Un autre élément m’a frappé : les raisons de l’exclusion du chômage. Certes il y a des personnes qui sont exclues de l’Onem parce qu’elles ont triché ou abusé (travail au noir, fausses déclarations, etc), mais contrairement à une idée reçue, c’est une minorité. Les travailleurs sociaux des CPAS se sont rendu compte que la plupart des exclus ne comprenaient pas ce que leur demandaient l’Onem (suivi des chômeurs) et/ou le Forem (accompagnement des chômeurs), deux institutions dont ils ont beaucoup de mal à faire la distinction d’ailleurs. 80% des exclus du chômage n’ont pas leur diplôme d’étude secondaire supérieur, relève l’étude.

Tout cela me fait dire que le problème n’est ni l’Onem, ni le CPAS, mais bien l’éducation, l’enseignement qui mériterait bien un état des lieux complet et pas seulement une comparaison européenne, les fameux test PISA qui relèguent le plus souvent les petits Belges francophones au fond de la classe. La panacée, l’éducation? On pose souvent la question avec une pointe d’ironie, voire de mépris, mais je crois qu’elle est bel et bien la réponse aux problèmes actuels.

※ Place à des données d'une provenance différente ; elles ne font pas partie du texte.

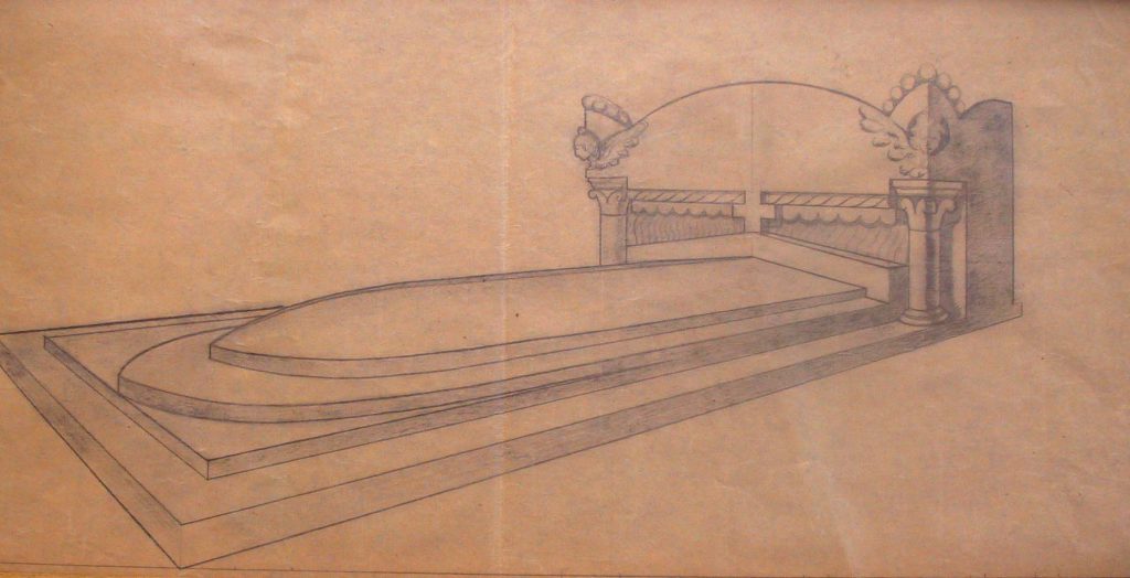 Obra : : Panteón subterráneo compuesto por una losa corrediza y un frontis con un gran ángel tañendo un instrumento en su centro, el fondo esta compuesto por un enorme elemento vertical figurativo de un arpa formada por columnas y un remate circular cerrado por arriba por una guirnalda.

Le flamand, une langue… « à part »

Mon épouse Marie-Christine m’a raconté une anecdote qui est révélatrice de l’état d’esprit de certains Belges francophones. Elle a rencontré par hasard le papa d’un ancien copain de notre fils Maxime, avec qui elle a devisé de l’avenir scolaire des enfants. Il n’était pas très heureux parce que la maman de son petit garçon, dont il vit séparé, l’a placé dans une classe d’immersion linguistique en néerlandais. Pourquoi? s’est étonnée mon épouse, dont les racines sont flamandes puisque née à Leuven, de parents néerlandophones. « Parce que le flamand est une langue »…. Il hésita, chercha ses mots, se souvenant sans doute subitement des origines de Marie-Christine et lâcha comme s’il se rattrapait: « le flamand est une langue… à part ». Ce n’était pas bien méchant, car j’ai déjà entendu plus acerbe: « le flamand n’est pas une belle langue ». Plus idiot : « le néerlandais ne sert à rien ». Ou pire encore : « le flamand n’est pas une langue ». Ce sont hélas des réflexions que j’ai entendues relativement couramment. Et la plupart émanaient de personnes que je dirais être « des Belgicains », le genre à pavoiser leur façade le 21 juillet, à planter un drapeau dans leur jardin le lendemain d’une victoire des Diables Rouges ou à se précipiter quand le Roi Albert II pointe sa couronne dans leur région.

Bart De Wever n’en demande pas tant.